▶ [Task objective] Could you give back exactly the lines below from the one with "Any of your" through the one with "Die banjado Glas", without a single picture?

▶ [Input data]
------------------------------------------------------------

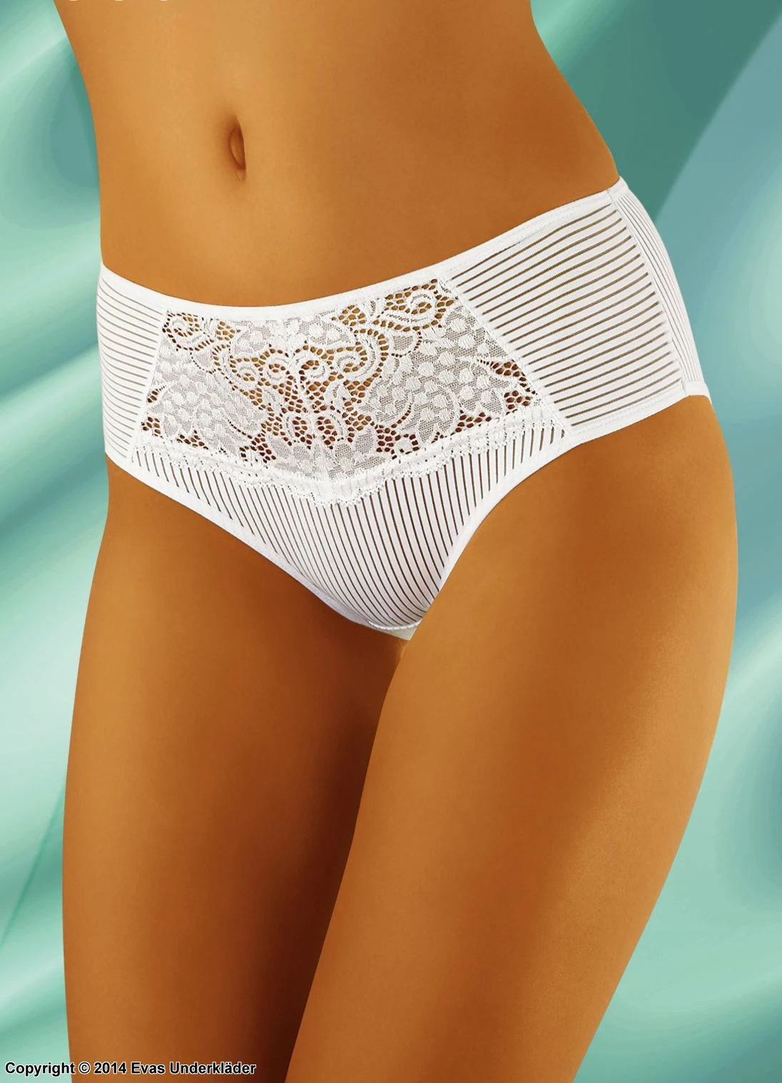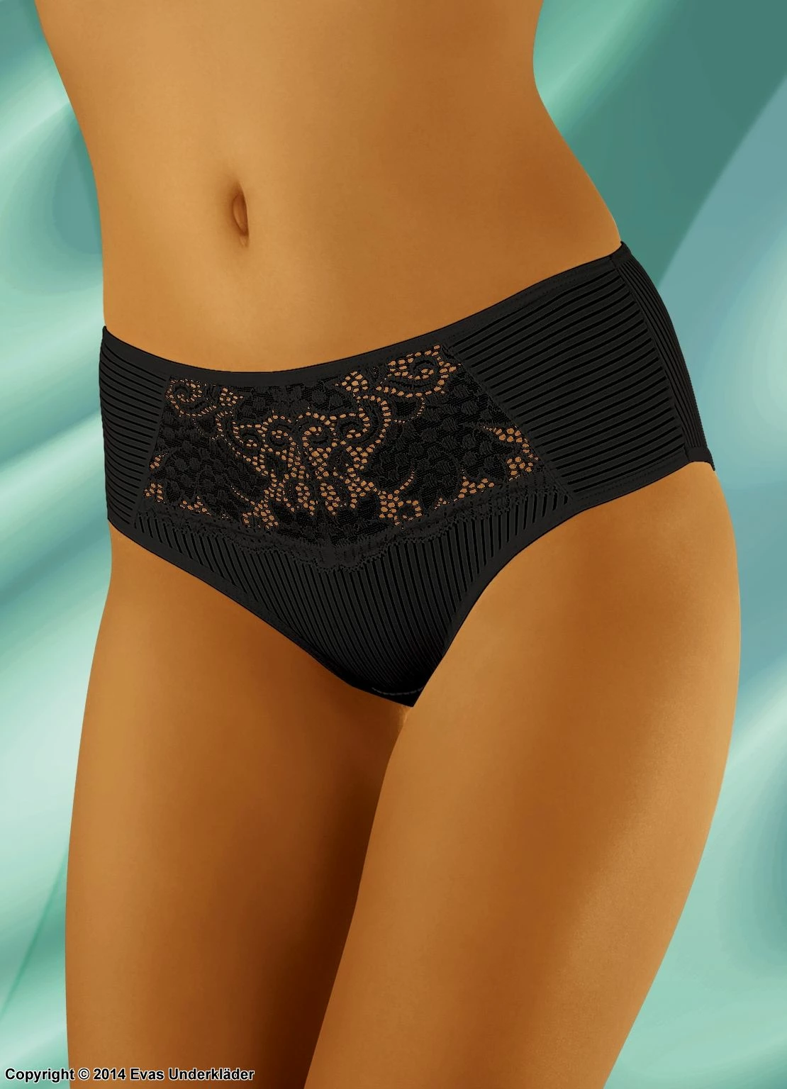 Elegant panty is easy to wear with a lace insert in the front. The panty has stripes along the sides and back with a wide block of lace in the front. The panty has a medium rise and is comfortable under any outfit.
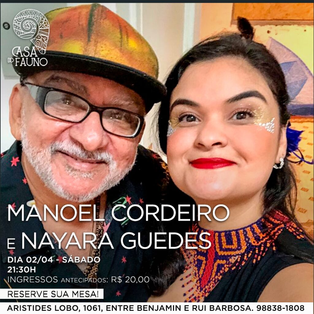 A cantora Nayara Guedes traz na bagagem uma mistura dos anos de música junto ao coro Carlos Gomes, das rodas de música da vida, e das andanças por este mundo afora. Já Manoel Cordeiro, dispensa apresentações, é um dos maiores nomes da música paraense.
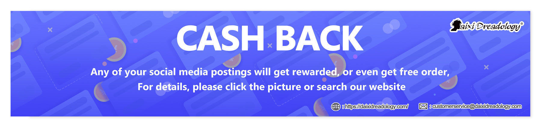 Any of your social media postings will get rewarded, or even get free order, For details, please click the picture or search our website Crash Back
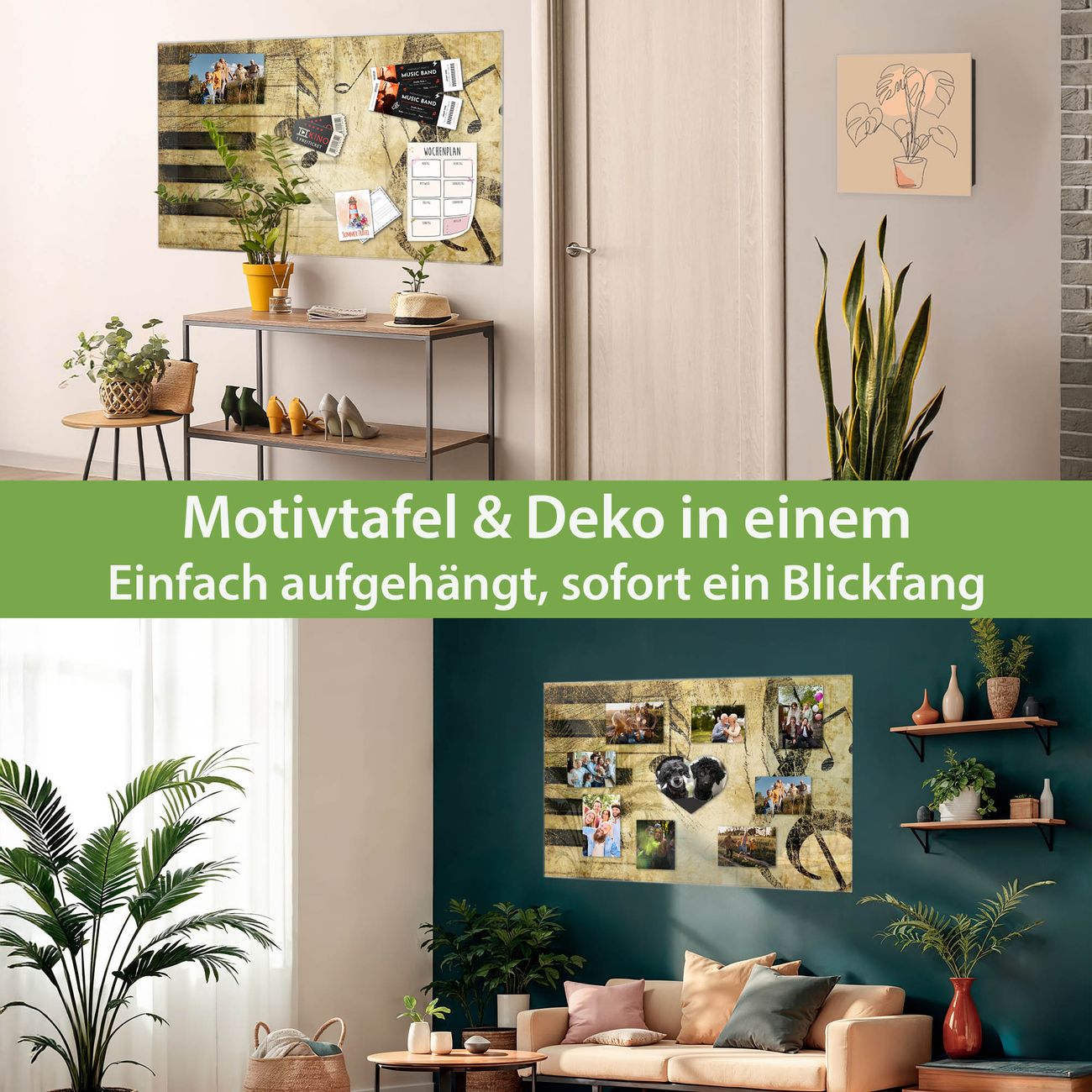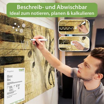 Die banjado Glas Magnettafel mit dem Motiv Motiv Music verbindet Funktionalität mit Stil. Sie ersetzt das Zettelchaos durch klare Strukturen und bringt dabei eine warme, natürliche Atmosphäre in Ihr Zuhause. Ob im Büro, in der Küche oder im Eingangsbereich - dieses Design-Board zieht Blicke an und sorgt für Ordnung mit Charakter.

------------------------------------------------------------

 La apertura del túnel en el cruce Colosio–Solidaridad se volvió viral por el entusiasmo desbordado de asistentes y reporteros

------------------------------------------------------------

▶ [Problem solution]
 Any of your social media postings will get rewarded, or even get free order, For details, please click the picture or search our website Crash Back
 Die banjado Glas Magnettafel mit dem Motiv Motiv Music verbindet Funktionalität mit Stil. Sie ersetzt das Zettelchaos durch klare Strukturen und bringt dabei eine warme, natürliche Atmosphäre in Ihr Zuhause. Ob im Büro, in der Küche oder im Eingangsbereich - dieses Design-Board zieht Blicke an und sorgt für Ordnung mit Charakter.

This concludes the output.